---------- GIVEN DATA
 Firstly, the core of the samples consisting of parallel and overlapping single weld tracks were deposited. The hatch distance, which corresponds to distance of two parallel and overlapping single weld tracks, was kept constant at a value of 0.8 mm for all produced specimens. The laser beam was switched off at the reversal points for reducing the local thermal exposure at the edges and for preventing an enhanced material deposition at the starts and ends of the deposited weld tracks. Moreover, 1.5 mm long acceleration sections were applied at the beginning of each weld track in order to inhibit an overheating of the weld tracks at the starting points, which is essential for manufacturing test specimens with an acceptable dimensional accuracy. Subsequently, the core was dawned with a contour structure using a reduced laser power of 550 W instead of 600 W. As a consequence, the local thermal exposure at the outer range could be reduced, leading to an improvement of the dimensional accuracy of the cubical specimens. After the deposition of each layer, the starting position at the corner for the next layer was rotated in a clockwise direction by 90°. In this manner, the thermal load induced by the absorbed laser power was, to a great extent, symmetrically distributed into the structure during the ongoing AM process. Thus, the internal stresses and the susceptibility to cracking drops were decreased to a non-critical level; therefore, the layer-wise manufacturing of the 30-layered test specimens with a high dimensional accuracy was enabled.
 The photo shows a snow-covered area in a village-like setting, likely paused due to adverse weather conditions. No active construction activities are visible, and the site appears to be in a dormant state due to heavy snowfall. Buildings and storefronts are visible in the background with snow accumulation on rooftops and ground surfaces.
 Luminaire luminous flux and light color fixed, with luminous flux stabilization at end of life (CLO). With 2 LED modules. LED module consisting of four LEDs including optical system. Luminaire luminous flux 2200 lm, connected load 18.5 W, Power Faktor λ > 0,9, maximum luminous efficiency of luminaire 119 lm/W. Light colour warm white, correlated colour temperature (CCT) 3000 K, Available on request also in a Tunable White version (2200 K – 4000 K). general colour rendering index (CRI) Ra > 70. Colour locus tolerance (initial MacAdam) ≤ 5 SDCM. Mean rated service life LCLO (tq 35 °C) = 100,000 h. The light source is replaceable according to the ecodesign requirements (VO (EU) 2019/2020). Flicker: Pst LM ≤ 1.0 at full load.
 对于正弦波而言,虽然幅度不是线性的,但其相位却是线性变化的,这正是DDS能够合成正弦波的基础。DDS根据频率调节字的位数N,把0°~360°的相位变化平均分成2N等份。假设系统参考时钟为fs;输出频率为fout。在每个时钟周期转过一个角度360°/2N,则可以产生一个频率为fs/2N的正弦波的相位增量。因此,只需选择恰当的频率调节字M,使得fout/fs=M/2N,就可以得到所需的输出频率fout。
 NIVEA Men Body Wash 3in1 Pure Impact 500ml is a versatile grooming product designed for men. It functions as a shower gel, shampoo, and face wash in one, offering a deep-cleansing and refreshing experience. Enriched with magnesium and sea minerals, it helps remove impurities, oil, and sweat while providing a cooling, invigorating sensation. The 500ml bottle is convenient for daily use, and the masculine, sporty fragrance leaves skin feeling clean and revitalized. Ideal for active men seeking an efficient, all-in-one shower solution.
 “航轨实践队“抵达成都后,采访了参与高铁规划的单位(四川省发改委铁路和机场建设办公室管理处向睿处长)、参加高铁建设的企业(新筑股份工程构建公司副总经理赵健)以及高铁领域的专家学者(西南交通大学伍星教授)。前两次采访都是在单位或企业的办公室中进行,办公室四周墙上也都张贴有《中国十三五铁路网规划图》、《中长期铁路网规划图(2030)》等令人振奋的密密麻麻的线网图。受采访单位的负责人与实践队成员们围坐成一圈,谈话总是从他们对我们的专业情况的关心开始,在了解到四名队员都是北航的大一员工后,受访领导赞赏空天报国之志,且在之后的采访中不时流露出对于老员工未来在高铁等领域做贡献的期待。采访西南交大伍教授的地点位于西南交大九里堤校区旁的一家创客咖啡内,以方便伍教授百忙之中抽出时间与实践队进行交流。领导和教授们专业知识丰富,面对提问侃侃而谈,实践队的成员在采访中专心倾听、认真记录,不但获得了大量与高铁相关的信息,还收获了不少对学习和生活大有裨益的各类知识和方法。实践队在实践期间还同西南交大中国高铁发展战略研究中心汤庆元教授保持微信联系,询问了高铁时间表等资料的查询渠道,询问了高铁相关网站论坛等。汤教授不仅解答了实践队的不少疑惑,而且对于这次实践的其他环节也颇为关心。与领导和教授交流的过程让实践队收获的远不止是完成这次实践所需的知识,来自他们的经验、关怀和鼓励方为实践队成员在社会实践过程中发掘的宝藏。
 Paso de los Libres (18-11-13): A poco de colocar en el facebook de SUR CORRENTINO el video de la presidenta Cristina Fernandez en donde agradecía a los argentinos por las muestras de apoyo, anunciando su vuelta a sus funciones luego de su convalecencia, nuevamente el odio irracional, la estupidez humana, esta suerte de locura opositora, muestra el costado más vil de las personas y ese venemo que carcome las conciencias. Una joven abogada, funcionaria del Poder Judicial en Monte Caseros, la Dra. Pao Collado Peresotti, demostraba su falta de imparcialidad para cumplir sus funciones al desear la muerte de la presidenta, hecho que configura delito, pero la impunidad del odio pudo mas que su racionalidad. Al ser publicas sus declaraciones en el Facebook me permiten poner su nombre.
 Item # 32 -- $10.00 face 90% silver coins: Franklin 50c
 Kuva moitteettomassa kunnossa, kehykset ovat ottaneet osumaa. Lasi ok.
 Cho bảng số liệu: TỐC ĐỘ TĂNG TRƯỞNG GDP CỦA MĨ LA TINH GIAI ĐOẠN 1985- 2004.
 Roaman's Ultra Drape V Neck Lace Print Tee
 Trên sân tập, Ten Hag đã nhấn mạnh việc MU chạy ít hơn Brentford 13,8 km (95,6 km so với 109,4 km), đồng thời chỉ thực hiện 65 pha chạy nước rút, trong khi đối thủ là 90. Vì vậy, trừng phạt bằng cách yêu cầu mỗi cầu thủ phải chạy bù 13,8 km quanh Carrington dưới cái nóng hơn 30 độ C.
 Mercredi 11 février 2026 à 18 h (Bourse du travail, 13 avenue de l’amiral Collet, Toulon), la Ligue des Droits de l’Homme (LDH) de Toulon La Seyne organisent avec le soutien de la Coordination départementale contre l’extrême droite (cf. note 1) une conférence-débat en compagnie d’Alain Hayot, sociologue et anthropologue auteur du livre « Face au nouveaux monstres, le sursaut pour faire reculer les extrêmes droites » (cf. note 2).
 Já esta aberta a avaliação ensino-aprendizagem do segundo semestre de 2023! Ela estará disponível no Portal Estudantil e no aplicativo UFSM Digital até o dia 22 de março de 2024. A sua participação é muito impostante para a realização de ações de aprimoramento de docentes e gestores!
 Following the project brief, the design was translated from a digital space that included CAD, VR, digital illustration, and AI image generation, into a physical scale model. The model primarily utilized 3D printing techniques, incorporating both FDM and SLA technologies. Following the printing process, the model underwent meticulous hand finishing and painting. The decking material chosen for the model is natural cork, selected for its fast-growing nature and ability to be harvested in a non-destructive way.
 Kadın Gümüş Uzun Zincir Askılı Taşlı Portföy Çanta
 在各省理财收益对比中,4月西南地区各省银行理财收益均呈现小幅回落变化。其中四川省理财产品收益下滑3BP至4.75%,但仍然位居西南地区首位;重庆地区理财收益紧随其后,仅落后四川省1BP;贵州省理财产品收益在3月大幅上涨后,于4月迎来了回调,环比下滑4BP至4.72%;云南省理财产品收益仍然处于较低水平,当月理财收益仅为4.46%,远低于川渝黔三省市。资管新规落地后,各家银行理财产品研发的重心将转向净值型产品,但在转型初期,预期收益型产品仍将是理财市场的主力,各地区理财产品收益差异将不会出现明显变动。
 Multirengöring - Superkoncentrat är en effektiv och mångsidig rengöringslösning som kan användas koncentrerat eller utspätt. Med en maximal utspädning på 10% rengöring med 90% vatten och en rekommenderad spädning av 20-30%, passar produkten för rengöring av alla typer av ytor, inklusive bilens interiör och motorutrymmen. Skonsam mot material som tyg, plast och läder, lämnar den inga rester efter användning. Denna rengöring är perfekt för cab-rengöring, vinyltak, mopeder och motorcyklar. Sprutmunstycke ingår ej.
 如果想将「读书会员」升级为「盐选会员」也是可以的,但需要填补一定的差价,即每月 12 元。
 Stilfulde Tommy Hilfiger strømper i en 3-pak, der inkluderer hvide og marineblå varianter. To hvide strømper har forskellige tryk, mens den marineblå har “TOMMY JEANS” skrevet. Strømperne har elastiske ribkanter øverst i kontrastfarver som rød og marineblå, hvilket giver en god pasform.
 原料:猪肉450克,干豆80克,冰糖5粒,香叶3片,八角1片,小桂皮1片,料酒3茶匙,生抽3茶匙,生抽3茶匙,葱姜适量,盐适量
--------------------
→ **THE PROBLEM**
Starting with the line that contains "在各省理财收益对比中,4月西", return every line through the last one of the records, exactly as written.

→ **WRITTEN ANSWER**
 在各省理财收益对比中,4月西南地区各省银行理财收益均呈现小幅回落变化。其中四川省理财产品收益下滑3BP至4.75%,但仍然位居西南地区首位;重庆地区理财收益紧随其后,仅落后四川省1BP;贵州省理财产品收益在3月大幅上涨后,于4月迎来了回调,环比下滑4BP至4.72%;云南省理财产品收益仍然处于较低水平,当月理财收益仅为4.46%,远低于川渝黔三省市。资管新规落地后,各家银行理财产品研发的重心将转向净值型产品,但在转型初期,预期收益型产品仍将是理财市场的主力,各地区理财产品收益差异将不会出现明显变动。
 Multirengöring - Superkoncentrat är en effektiv och mångsidig rengöringslösning som kan användas koncentrerat eller utspätt. Med en maximal utspädning på 10% rengöring med 90% vatten och en rekommenderad spädning av 20-30%, passar produkten för rengöring av alla typer av ytor, inklusive bilens interiör och motorutrymmen. Skonsam mot material som tyg, plast och läder, lämnar den inga rester efter användning. Denna rengöring är perfekt för cab-rengöring, vinyltak, mopeder och motorcyklar. Sprutmunstycke ingår ej.
 如果想将「读书会员」升级为「盐选会员」也是可以的,但需要填补一定的差价,即每月 12 元。
 Stilfulde Tommy Hilfiger strømper i en 3-pak, der inkluderer hvide og marineblå varianter. To hvide strømper har forskellige tryk, mens den marineblå har “TOMMY JEANS” skrevet. Strømperne har elastiske ribkanter øverst i kontrastfarver som rød og marineblå, hvilket giver en god pasform.
 原料:猪肉450克,干豆80克,冰糖5粒,香叶3片,八角1片,小桂皮1片,料酒3茶匙,生抽3茶匙,生抽3茶匙,葱姜适量,盐适量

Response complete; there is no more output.